The Sponsor is developing KB707, a replication-defective, non-integrating herpes simplex virus type 1 (HSV-1)-derived vector designed to stimulate an anti-tumor immune response through the production of cytokines within the local tumor microenvironment in the lungs. KB707 is administered via nebulization, delivering the therapy directly through the airways to the lungs of subjects with advanced solid tumor malignancies. This is a Phase 1/2, open-label, multicenter, dose escalation and expansion study designed to evaluate the safety, tolerability, preliminary efficacy, and immunologic effect of KB707. Monotherapy KB707 dose escalation and expansion cohorts enrolled adults with advanced solid tumor malignancies affecting the lungs who had progressed on standard of care therapy, cannot tolerate standard of care therapy, or refused standard of care therapy. The dose escalation phase (Cohorts 1 and 2) evaluated KB707 monotherapy using a standard 3+3 design, followed by a dose expansion phase (Cohort 4) to further evaluate the selected dose. Subjects received inhaled KB707 weekly for three weeks, then every three weeks. The dose escalation portion of the study is now complete, and the selected dose is being evaluated in the expansion phase. Combination regimens with a selected (fixed) dose of KB707 are being evaluated in subjects with advanced or metastatic non-small cell lung cancer (NSCLC). Subjects in Cohorts 5 and 6 are receiving inhaled KB707 once every 2 weeks (q2w), delivered in combination with Keytruda once every 6 weeks. Subjects in Cohort 7 are receiving inhaled KB707 in combination with docetaxel once every 3 weeks. All subjects will be treated until tumor progression, death, unacceptable toxicity, symptomatic deterioration, achievement of maximal response, subject choice, Investigator decision to discontinue treatment, or the Sponsor determines to terminate the study.

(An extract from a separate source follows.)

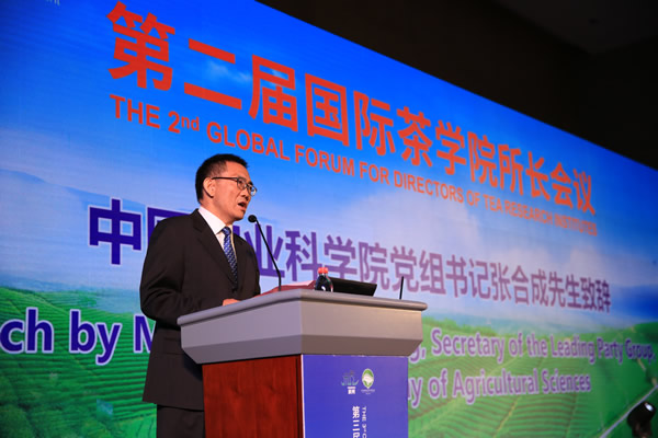 中國農科院黨組書記張合成在講話中指出,在亞洲文明對話大會在北京開幕的時間節點,召開第二屆國際茶學院所長會議,意義顯得格外特殊。他肯定了我所在引領茶學科建設、支撐茶產業發展方面攻堅克難、主動作為、發揮的科技引領作用、取得的成果。他講到,中國既是世界最大的產茶國,也是最大的消費國。茶葉已成為中國重要的經濟作物,在提高農民收入、增加農業效益,以及鄉村振興、精準扶貧等方面發揮著非常重要的作用。他希望以本次會議為契機,各國科學家加深合作,發揮不同國家的比較優勢,在對話協商、共建共享、合作共贏、交流互鑒的過程中,共商茶葉產業科技的創新和發展,互相借鑒有益經驗,探索新型合作模式,催生更多項目、人才方面的務實合作,進一步提升茶葉科技創新能力和國際影響力。

Phase 1 trials primarily test safety and dosing in a small number of participants (typically 20–100). Results do not yet speak to efficacy. FDA approval is typically many years away from this stage.
Phase 2 trials begin testing efficacy in a larger patient group (100–300). This is often where biotech binary events occur — positive Phase 2 data can significantly advance a company's pipeline narrative, while failures can be terminal for a program.

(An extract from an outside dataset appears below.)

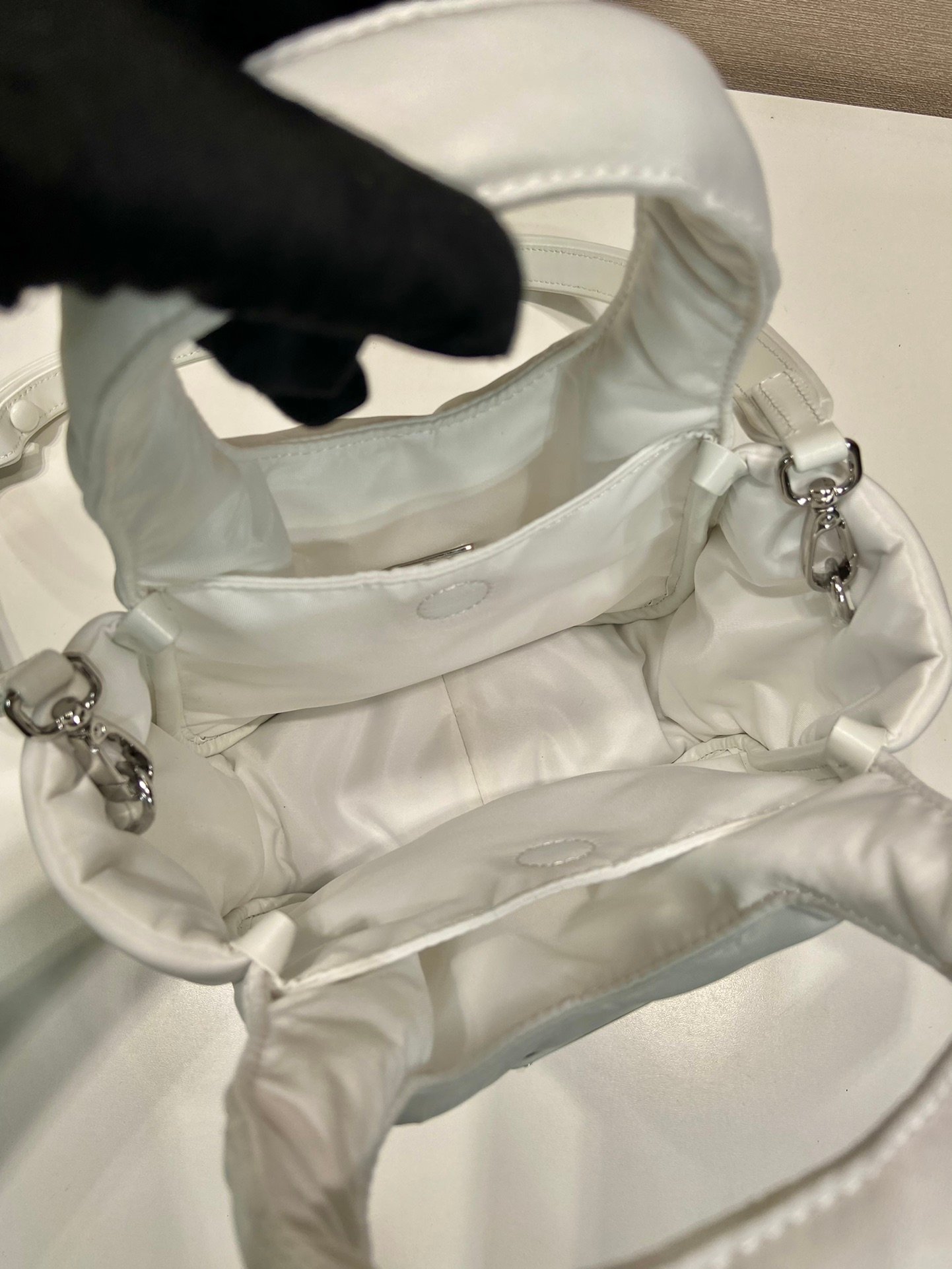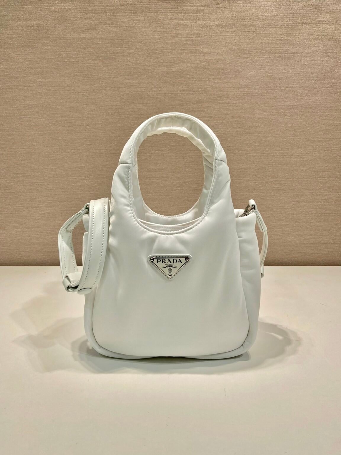 Prada Soft Padded Re-Nylon Mini-Bag White/Pink/Beige – 1BA359_RCCJ_F0009_V_OVM

Currently recruiting: the trial is enrolling patients. A data readout is not expected until after enrollment closes and the follow-up period is complete.
Krystal Biotech (KRYS) is the sponsoring company for this trial. BiotechSign currently grades this company F (29/100) based on composite catalyst signals across its full pipeline. This trial is one data point in that overall catalyst picture.